### DIRECTIONS FOR THIS TASK
Without changing a word, copy every line of the listing below and leave out the images.

### MATERIAL PROVIDED

▬▬▬▬▬▬▬▬▬▬

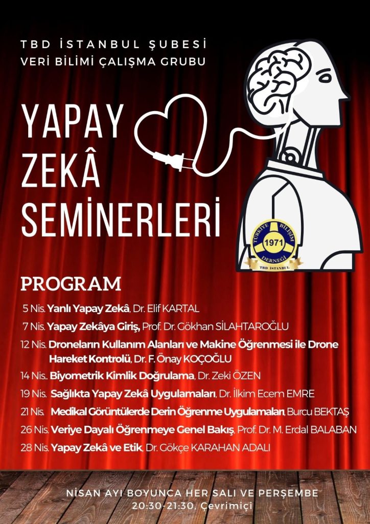 Türkiye Bilişim Derneği İstanbul Şubesi Veri Bilimi Çalışma Grubumuz tarafından, Nisan ayı boyunca her Salı ve Perşembe günü 20:30 – 21:30 saatleri arasında çevrimiçi düzenlenecek olan Yapay Zekâ Seminerlerimize davetlisiniz.
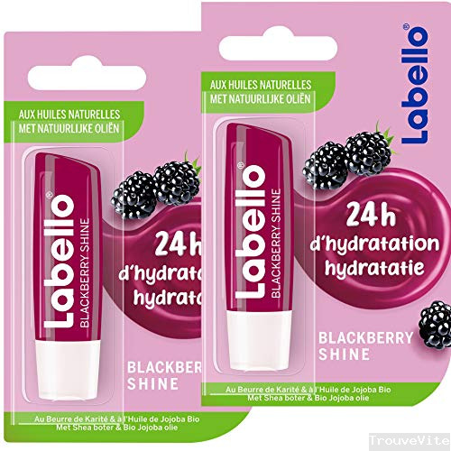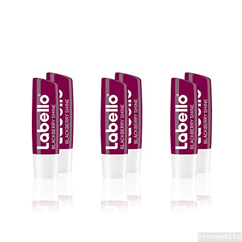 Labello Blackberry Shine Lot de 6 baumes à lèvres avec éclat rouge et pigments scintillants 6 x 4,8 g
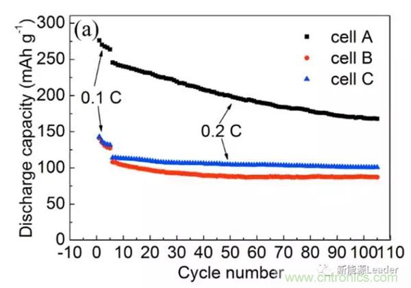 富鋰材料的低溫性能也是阻礙富鋰材料應(yīng)用的一個(gè)重要因素,中國工程物理研究院的Guobiao Liu等對(duì)于富鋰材料低溫下容量下降的機(jī)理做了詳細(xì)的研究,一般認(rèn)為,富鋰材料在低溫下由于活化產(chǎn)生的Li2MnO3材料的數(shù)量較少,導(dǎo)致容量偏低,但Guobiao Liu的研究發(fā)現(xiàn),即便是材料內(nèi)的Li2MnO3含量較高,在低溫下容量發(fā)揮也很低,Li2MnO3含量并不是影響材料容量發(fā)揮的決定性因素,Guobiao Liu認(rèn)為低溫下較差的電極動(dòng)力學(xué)特性會(huì)抑制Mn4+/Mn3+反應(yīng),從而導(dǎo)致材料的容量發(fā)揮較低。循環(huán)性能研究顯示,雖然低溫導(dǎo)致富鋰材料的容量發(fā)揮較低,但是卻顯著的提升了富鋰材料的循環(huán)性能,如下圖所示(電池A在25℃下循環(huán),含有較多數(shù)量的Li2MnO3,電池B,在低溫-20℃下循環(huán)含有較少數(shù)量的Li2MnO3,電池C首先在25℃下活化,然后在-20℃下循環(huán),含有數(shù)量較多的Li2MnO3)。A、B和C三種電池在循環(huán)100次后,容量保持率分別為68.3%、80.9%和88.1%,通過對(duì)三種電池中的富鋰材料的結(jié)構(gòu)研究顯示,低溫很好的抑制了富鋰材料從層狀結(jié)構(gòu)向尖晶石結(jié)構(gòu)轉(zhuǎn)變,從而顯著改善了富鋰材料的循環(huán)性能。
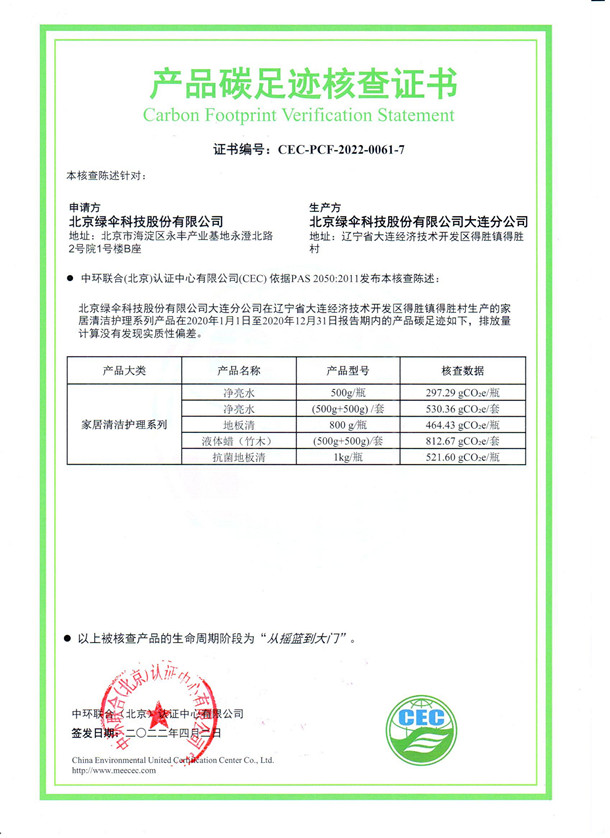 北京綠傘科技有限公司大連分公司-CEC-PCF-2022-0061-7-家具清洗護(hù)理系列

▬▬▬▬▬▬▬▬▬▬

### WRITTEN SOLUTION
 Türkiye Bilişim Derneği İstanbul Şubesi Veri Bilimi Çalışma Grubumuz tarafından, Nisan ayı boyunca her Salı ve Perşembe günü 20:30 – 21:30 saatleri arasında çevrimiçi düzenlenecek olan Yapay Zekâ Seminerlerimize davetlisiniz.
 Labello Blackberry Shine Lot de 6 baumes à lèvres avec éclat rouge et pigments scintillants 6 x 4,8 g
 富鋰材料的低溫性能也是阻礙富鋰材料應(yīng)用的一個(gè)重要因素,中國工程物理研究院的Guobiao Liu等對(duì)于富鋰材料低溫下容量下降的機(jī)理做了詳細(xì)的研究,一般認(rèn)為,富鋰材料在低溫下由于活化產(chǎn)生的Li2MnO3材料的數(shù)量較少,導(dǎo)致容量偏低,但Guobiao Liu的研究發(fā)現(xiàn),即便是材料內(nèi)的Li2MnO3含量較高,在低溫下容量發(fā)揮也很低,Li2MnO3含量并不是影響材料容量發(fā)揮的決定性因素,Guobiao Liu認(rèn)為低溫下較差的電極動(dòng)力學(xué)特性會(huì)抑制Mn4+/Mn3+反應(yīng),從而導(dǎo)致材料的容量發(fā)揮較低。循環(huán)性能研究顯示,雖然低溫導(dǎo)致富鋰材料的容量發(fā)揮較低,但是卻顯著的提升了富鋰材料的循環(huán)性能,如下圖所示(電池A在25℃下循環(huán),含有較多數(shù)量的Li2MnO3,電池B,在低溫-20℃下循環(huán)含有較少數(shù)量的Li2MnO3,電池C首先在25℃下活化,然后在-20℃下循環(huán),含有數(shù)量較多的Li2MnO3)。A、B和C三種電池在循環(huán)100次后,容量保持率分別為68.3%、80.9%和88.1%,通過對(duì)三種電池中的富鋰材料的結(jié)構(gòu)研究顯示,低溫很好的抑制了富鋰材料從層狀結(jié)構(gòu)向尖晶石結(jié)構(gòu)轉(zhuǎn)變,從而顯著改善了富鋰材料的循環(huán)性能。
 北京綠傘科技有限公司大連分公司-CEC-PCF-2022-0061-7-家具清洗護(hù)理系列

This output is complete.